Program: Read and Display an Image
import cv2 img = cv2.imread('photo.jpg') cv2.imshow('My Image', img) cv2.waitKey(0) cv2.destroyAllWindows()
Program: Identify Image Shape
import cv2 img = cv2.imread('photo.jpg') print("Shape of image:", img.shape) print("Height:", img.shape[0]) print("Width:", img.shape[1]) print("Channels:", img.shape[2])
Quick Revision — Key Points to Remember
- Computer Vision (CV) = AI field that enables machines to see, observe and make sense of visual data.
- CV vs Image Processing: CV extracts meaning (superset). Image Processing enhances images (subset).
- Applications: Facial Recognition · Face Filters · Google Image Search · Retail Analytics · Inventory · Self-Driving Cars · Medical Imaging · Google Translate · Agricultural Drones · Attendance.
- 4 CV Tasks: Classification · Classification+Localisation · Object Detection · Instance Segmentation.
- Pixel = smallest unit of a digital image, arranged in a 2D grid.
- Resolution = number of pixels. Expressed as Width×Height or in megapixels.
- Pixel value = 0 to 255 (1 byte / 8 bits). 0 = black, 255 = white.
- Grayscale image = single 2D plane of pixels, each pixel 0-255.
- RGB image = 3 channels (R, G, B) stacked. Each pixel has 3 values.
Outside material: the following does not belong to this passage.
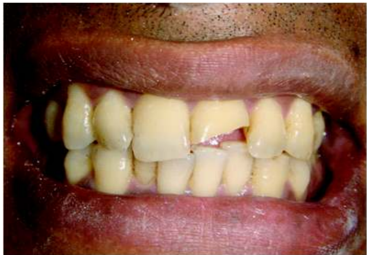
Fig 1. Initial photograph showing oblique coronal fracture

Then the shade was selected, the tooth was isolated with cotton roll and air dried. Uniform layer of 7 th generation self-etch adhesive bonding (beauty bond) was applied according to manufacturer's instruction. The adhesive layer was dried with gentle air blast for five seconds and light curing was done for 10 seconds. Then the crown was built up incrementally with Giomer (beautiful II-# A2). Each increment was light cured for 20 seconds. Then the tooth was finished and polished and occlusion was checked (Fig 5).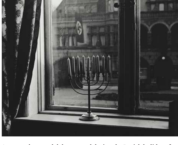
A menorah, a candelabrum used during the Jewish holiday of Hanukkah, rests on the sill of an apartment window in Kiel. Germany, 1932.

Step 4: Instruct students to answer the journal question for this lesson on Worksheet 1: Reflection Journal.

Size = H × W × 3.
- No-Code CV tools: Lobe · Teachable Machine · Orange Data Mining. Activities: Smart Sorter, Coral Bleaching detection.
- Image Features: blobs · edges · corners. Corners are the best features (unique locations).
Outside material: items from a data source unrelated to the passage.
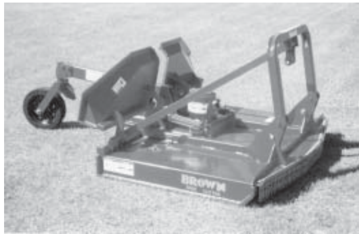
Brown tree cutter, Model TCF 2620.

Purchase Price: TCO-2515, $4,200; TCO-2615, $4,380; TCO-2620, $5,970; TCF-2615, $5,470; TCF-2620, $7,335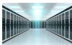
Large-scale server room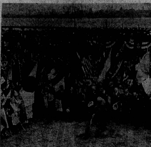
A general view of the ground-breaking ceremonies for Yerba Buena Shoals where the buildings of the 1939 Exposition in San Francisco Bay will be constructed. Gov. Merriam of California is the central figure of the ceremony, surrounded by girls representing nations which will sponsor exhibits.

Torrance Herald Want Ads Reach More Than 25,000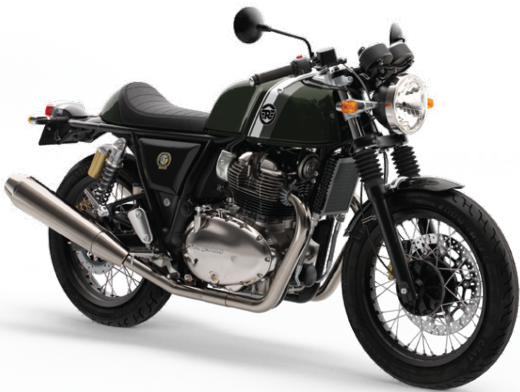
British Racing Green

- Convolution = element-wise multiplication of image + kernel, followed by sum. Slide kernel over image.
- Kernel = matrix that modifies the image — different kernels produce different effects (blur, sharpen, edge-detect).
- CNN (Convolutional Neural Network) = DL algorithm for image classification. 4 layers: Convolution → ReLU → Pooling → Fully Connected.
- Convolution Layer: extracts features using kernels → Feature Map.
- ReLU Layer: removes negatives; introduces non-linearity; ReLU(x) = max(0, x).
- Pooling Layer: Max Pooling (max value) or Average Pooling. Reduces size, keeps important features.
- Fully Connected (FC) Layer: flattens features → classifies image into label probabilities.
- Python Libraries: TensorFlow (Google's DL library) · Keras (high-level API on top of TF) · OpenCV (CV & real-time video/image processing).
- OpenCV applications: face detection, object tracking, motion detection, image editing, OCR, AR, self-driving cars, medical imaging.